If you’ve never seen Angels’ Flight, you’re in luck: The whole film, in its shoddy glory, is on YouTube.



Indus Arthur (The Slender Thread, M*A*S*H) stars as Liz, a beautiful blond stripper whom no one realizes is the mysterious killer who’s been slashing men’s throats all over Bunker Hill. She has her reasons, which are all too easy to guess since when she’s not killing or stripping, she’s painting the same man’s face over and over. She’s a remarkably easy pickup, which should give her victims pause, as should the hilariously “seductive” stare she fixes them with as she strips, which would more accurately be described as series of bizarre grimaces.

Meanwhile, novelist Ben Wiley (William Thourlby, the original Marlboro Man, who also appeared in The Manchurian Candidate and The Creeping Terror) is in a drunken haze after losing his wife. Thourlby recalls Steve Martin in Dead Men Don’t Wear Plaid, except that this isn’t supposed to be a comedy.

They both frequent the local bar, Angel’s Flight Cafe, and he naturally falls for her. 

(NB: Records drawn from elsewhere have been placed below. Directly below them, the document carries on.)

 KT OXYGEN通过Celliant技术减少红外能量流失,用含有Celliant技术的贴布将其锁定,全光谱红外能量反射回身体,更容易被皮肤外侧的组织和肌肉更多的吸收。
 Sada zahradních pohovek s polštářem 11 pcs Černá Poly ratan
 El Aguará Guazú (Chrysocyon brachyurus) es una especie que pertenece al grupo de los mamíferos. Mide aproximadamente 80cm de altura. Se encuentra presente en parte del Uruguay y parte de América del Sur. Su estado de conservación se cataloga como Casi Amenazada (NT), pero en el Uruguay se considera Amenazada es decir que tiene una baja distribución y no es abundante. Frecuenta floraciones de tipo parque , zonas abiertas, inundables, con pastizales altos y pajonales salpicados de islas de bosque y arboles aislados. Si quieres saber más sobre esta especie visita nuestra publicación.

Can his love stop her homicidal urges? Dig the scene where the two spend the day at the local park, he with his typewriter, she with her paints and canvas. When she’s about to paint another twisted masterpiece, he grabs a fresh canvas and draws stick figures of a man, a woman and some kids… see, Liz, it’s just that easy to let go of the past!

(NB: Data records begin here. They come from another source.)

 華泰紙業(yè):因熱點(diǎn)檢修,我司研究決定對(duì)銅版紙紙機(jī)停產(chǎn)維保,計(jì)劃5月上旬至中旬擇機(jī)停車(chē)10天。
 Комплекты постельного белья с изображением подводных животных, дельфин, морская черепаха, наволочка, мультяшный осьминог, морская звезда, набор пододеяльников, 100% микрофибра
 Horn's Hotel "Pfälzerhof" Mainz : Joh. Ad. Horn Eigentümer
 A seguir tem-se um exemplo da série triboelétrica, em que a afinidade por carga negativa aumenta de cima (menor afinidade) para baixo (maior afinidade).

Ben happens to be friends with the cop assigned to the murders, and he agrees to act as decoy since the killer is only targeting “pretty men.” (Thourlby, it should be noted, also produced the film.) This involves hitting on every woman he sees, one of whom happens to be a young Rue McClanahan (billed as “Rhue”), who plays a drunken floozy trying to make her man jealous. She ends up hauled away in a police car, kicking and screaming.

Once Ben guesses the truth about Liz, she attempts to flee, jumping on Angel’s Flight: In what is surely the most-rushed ending ever filmed, she miscalculates and (presumably) falls to her death.

Apparently, the production was busted for filming without a permit and abruptly shut down.

For more on Bunker Hill, including its real-life serial killer, visit Nathan Marsak’s site.


As for Angels’ Flight, the historic railway itself, it remains shut down due to safety issues. You can still visit it at 351 South Hill Street in downtown Los Angeles.